Four Financial Reasons You and Your Spouse Shouldn’t Retire At The Same Time

old seniors

For many years Americans have held this notion of the idyllic retirement in which husband and wife stop working and spend the rest of their days traveling to white, sandy beaches, and dining by candlelight at some trendy, new eatery. However, since the real estate market took a tumble, bringing every other sector of the economy along with it, the only people left in American dreaming about this kind of retirement are the Madison Avenue types who get paid to promote the destinations with the white, sandy beaches, or the exclusive restaurants.

The fluctuations on Wall Street have hit Americans in the face with a bucket of cold reality, causing them to realize that you need to make some practical decisions before you retire, because you may not have as much of a nest egg as you originally planned. One of those decisions is whether or not it makes financial sense for you and your spouse to retire at the same time, or should you stagger your retirements?

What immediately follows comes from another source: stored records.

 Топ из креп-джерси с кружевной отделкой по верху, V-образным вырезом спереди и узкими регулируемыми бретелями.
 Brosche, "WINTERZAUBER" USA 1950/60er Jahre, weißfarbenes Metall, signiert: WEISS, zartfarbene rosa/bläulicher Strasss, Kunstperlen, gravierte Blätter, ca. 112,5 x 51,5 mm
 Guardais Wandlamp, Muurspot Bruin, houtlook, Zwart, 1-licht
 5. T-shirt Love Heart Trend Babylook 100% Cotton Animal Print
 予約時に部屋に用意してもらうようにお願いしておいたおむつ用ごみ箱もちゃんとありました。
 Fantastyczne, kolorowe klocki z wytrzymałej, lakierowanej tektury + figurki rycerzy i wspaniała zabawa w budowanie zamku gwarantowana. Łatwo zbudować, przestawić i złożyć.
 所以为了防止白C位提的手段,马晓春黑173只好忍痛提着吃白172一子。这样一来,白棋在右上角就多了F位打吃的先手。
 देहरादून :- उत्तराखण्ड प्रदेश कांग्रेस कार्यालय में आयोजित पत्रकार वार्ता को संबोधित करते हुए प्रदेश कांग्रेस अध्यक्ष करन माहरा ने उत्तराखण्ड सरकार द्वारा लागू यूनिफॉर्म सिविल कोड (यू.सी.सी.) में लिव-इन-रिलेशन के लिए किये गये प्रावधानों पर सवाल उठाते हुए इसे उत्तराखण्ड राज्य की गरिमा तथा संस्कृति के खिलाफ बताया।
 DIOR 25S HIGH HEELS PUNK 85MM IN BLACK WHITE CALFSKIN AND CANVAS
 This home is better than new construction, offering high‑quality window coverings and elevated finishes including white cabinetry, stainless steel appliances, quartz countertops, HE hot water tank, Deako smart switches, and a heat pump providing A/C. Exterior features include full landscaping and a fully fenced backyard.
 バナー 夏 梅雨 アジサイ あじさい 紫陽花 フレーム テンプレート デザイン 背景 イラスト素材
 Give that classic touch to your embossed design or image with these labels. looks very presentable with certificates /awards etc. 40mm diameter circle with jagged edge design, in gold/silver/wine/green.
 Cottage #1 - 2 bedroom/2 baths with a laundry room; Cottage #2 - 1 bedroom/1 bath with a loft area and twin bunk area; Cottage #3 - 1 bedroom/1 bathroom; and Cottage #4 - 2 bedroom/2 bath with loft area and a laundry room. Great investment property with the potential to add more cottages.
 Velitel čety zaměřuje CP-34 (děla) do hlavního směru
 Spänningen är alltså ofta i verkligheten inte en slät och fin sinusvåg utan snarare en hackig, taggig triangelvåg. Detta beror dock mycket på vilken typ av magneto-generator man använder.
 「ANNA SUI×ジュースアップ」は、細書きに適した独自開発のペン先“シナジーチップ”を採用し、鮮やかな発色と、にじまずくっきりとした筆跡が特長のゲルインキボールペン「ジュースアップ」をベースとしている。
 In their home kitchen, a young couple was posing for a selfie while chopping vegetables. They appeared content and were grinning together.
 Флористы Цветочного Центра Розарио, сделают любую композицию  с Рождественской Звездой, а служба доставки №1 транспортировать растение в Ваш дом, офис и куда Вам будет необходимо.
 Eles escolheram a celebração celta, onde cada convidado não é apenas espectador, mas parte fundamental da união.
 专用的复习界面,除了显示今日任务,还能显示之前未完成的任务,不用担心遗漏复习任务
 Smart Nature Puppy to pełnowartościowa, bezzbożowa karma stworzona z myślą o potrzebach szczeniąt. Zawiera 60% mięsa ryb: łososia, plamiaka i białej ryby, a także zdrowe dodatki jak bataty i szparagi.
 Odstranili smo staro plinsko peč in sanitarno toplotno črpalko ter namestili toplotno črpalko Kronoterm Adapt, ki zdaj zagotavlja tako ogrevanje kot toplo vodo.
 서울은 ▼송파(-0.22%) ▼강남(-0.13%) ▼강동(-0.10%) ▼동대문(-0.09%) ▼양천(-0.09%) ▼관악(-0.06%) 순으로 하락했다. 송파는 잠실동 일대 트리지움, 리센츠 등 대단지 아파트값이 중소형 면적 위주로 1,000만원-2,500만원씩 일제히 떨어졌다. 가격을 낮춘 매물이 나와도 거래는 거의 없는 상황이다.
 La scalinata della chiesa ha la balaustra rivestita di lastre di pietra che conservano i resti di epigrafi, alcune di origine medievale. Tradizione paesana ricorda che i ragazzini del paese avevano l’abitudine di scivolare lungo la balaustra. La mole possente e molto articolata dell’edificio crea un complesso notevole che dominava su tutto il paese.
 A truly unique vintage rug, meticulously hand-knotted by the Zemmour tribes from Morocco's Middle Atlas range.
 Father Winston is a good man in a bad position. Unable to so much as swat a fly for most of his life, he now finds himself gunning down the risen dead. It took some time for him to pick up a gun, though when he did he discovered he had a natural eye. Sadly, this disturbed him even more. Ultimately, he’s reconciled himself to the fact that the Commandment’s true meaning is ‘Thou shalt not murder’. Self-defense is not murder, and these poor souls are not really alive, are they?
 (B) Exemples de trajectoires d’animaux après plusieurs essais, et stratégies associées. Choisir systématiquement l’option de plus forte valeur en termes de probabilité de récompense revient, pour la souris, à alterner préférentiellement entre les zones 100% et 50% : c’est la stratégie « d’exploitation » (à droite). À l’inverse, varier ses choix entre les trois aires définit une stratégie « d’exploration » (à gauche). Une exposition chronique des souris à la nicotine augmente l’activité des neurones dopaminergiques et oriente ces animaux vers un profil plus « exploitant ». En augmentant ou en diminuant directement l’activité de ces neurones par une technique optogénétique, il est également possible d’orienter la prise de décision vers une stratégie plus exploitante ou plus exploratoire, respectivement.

In some cases, staggered retirements occur naturally. Spouses who differ in ages, or who have entered the workforce at different times, typically stop work at different times. However, in situations in which both of you reach retirement age around the same time, it may be prudent to consider separate retirement dates to get some significant financial benefits. Here are some factors to consider when making your decision:

  • Delaying drawing down your IRA — If you still have one paycheck to help with living expenses, it may be possible for you to delay making withdrawals from your IRA, or lessen the amount you do withdraw. Another benefit of your spouse continuing to work is that they can also continue contributing to an IRA. The maximum amount for 2008 is $5,000, with an additional $1,000 catch-up contributions allowed for workers 50 and over.
  • Delaying taking Social Security benefits until you are older — For every year past your full retirement age (which is determined by a Social Security formula involving your birth year) you wait to take Social Security benefits, your monthly check goes up 8 percent until you reach age 70. A working spouse may allow you to leave your Social Security benefits more time to accrue. On the other hand, if you took early retirement at age 62 because of a chronic health condition, having a working spouse is also an important asset. That’s because taking early retirement results in permanently forfeiting 25 percent of your benefits, if you were born between 1943 and 1954. If you were born after 1959, you will forfeit 30 percent.
  • Getting the most out of your pensions — If both of you have defined benefit pension plans, meaning traditional pensions paid for by an employer, and your spouse plans to continue working, it may be a good idea to opt out of the joint-and-survivor benefit that continues providing checks to a spouse after the pension-holder dies. This will increase your benefit by approximately 10 percent. Another reason a spouse who has a defined benefit pension plan may want to continue to work is because they will continue to accrue benefits while you are receiving yours.
  • Continuing to have employer-provided health care coverage — With the rising costs of health care, and the fact that Medicare doesn’t always cover enough medical expenses, your spouse may decide to continue working to maintain health care coverage for both of you under their employer’s health plan. This is especially important if your former employer doesn’t provide retiree health care coverage.

As the face of retirement continues to change in this country, and emphasis is taken away from defined benefit plans and shifted to defined contribution plans which put you in control of how much you have for retirement, individuals are going to have to make far tougher choices about how and when to retire than their predecessors did. Failing to make these choices could cause you to outlive your assets.